Pada akhir abad pertengahan sampai awal zaman renaissance, peran dan kredibilitas para klerus semakin menurun. Kesucian Gereja Katolik ternoda oleh kebobrokan yang dilakukan oleh para klerus pada waktu itu, terutama praktek komersialisasi indulgensi. Itulah yang mendorong Luther menolak Gereja yang hierarkis seperti yang diperlihatkan oleh Gereja Katolik Roma.

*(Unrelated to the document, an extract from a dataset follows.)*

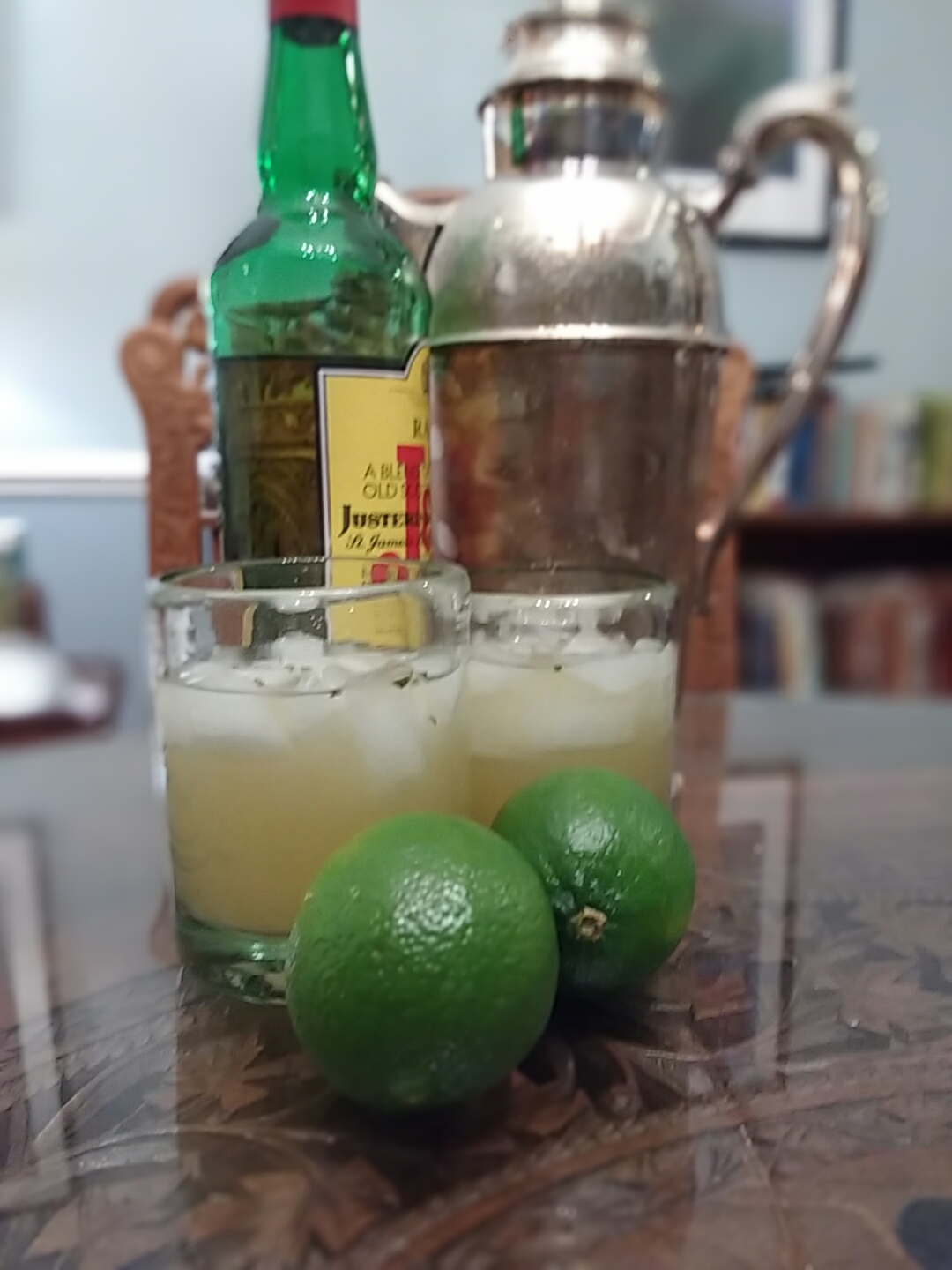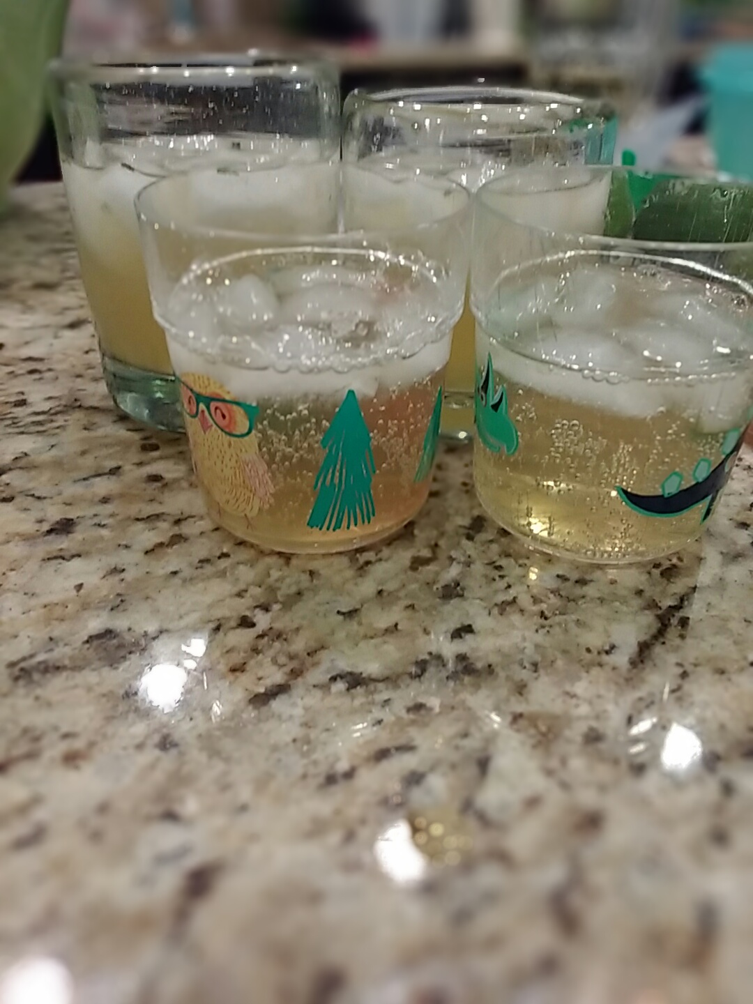 We are having a family party, so we blew up some balloons and made some drinks. Whisky green gimlets for me and Bob; and ginger ale mocktails for Henry and Eleanor.

 Perlawanan Luther ditunjukkan melalui pemasangan surat pernyataan sikapnya yang berisi 95 dalil di pintu masuk Gereja biara di kota Wittenberg, Jerman pada tanggal 31 Oktober 1517. Dalam surat itu, Luther mengecam praktek Gereja Katolik yang memperdagangkan surat pengampunan dosa dengan tujuan untuk mendapatkan uang bagi pembangunan berbagai proyek gerejawi, misalnya: pembangunan gereja-gereja megah, termasuk Gereja Basilika St. Petrus di Vatikan. Situasi yang terjadi pada waktu itu ialah banyak orang sederhana percaya bahwa dengan membeli surat itu, mereka akan memperoleh keselamatan karena dosa-dosa mereka telah terampuni. Hal itu berarti keselamatan manusia merupakan hasil prestasi manusia itu sendiri dan bukan lantaran rahmat Allah.
Kekecewaan Luther terhadap para klerus tersebut menjadi dasar pemikirannya bahwa manusia beriman tidak membutuhkan mediasi insani.